Comparing geolocation algorithms tailored to specific domains and applications (such as rapid mapping) is not an easy task. Indeed, as discussed, taking into consideration only precision/recall is often reductive and several other features — the relevance of which is largely domain-dependent — must also be taken into account. First of all, as described earlier, the precision is a function of the threshold to consider a location as “accurate”. Therefore, two different geolocation methodologies with different goals could perform better for different thresholds. CIME, in particular, privileges accuracy rather than volume, given a target domain that requires highly accurate geolocated items for rapid mapping purposes. This can be seen in Fig. 10, which highlights the precision at 1km (about 40%) and at 5km (about 50%). Moreover, other features and constraints of a geolocation algorithm have a major impact on its applicability in specific domains. For example, language-specific features, the necessity of prior knowledge about the target event/area, or application-specific preprocessing phases.
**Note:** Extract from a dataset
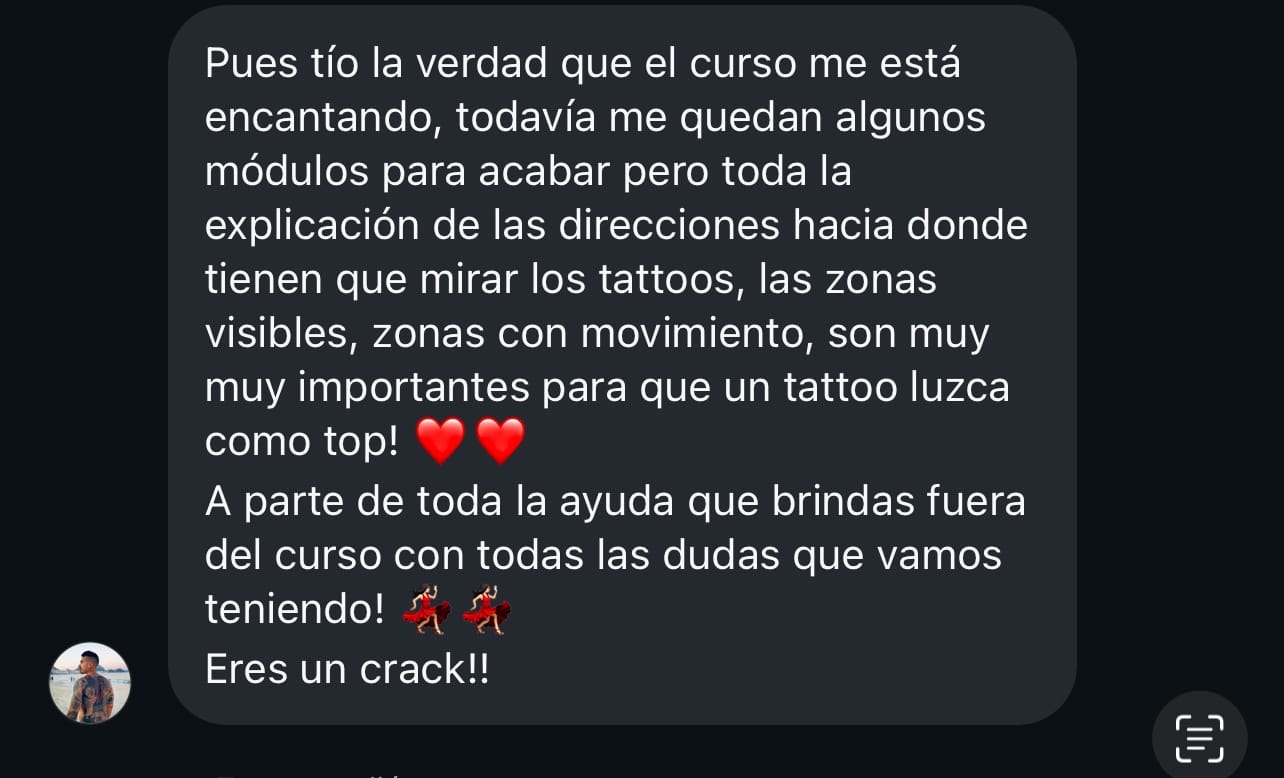 Aunque no necesitas ser un profesional, para sacar lo mejor de este curso debes tener los conocimientos basicos sobre como tatuar.

All these different features hinder comparisons between different geolocation algorithms, because stronger constraints could bring about better performance but limit the applicability in specific domains and contexts. Finally, different geolocation algorithms could target different steps of the geolocation process (see Section 2) or different aspects of social media locations (such as home or post location, see Section 3), further hindering comparisons.
On this basis, the results of CIME on the Hurricane Sandy case study have been compared to those presented in  for the same dataset (originally described in ). A major difference between the two methodologies is the need for a preprocessing phase for the algorithm described in , with indices built limited to a specific target geographical area being considered. In contrast, CIME is designed to analyze tweets without any preparation or training phase, aimed at disambiguating locations by reacting to events in real-time.
The precision @1km obtained by CIME is comparable and slightly higher than the precision obtained in the tested datasets for geographical distances mentioned in  (40% vs 18-36%). The recall appears to be lower for CIME (21% vs 76-81%), and the motivations for a lower recall have been previously discussed.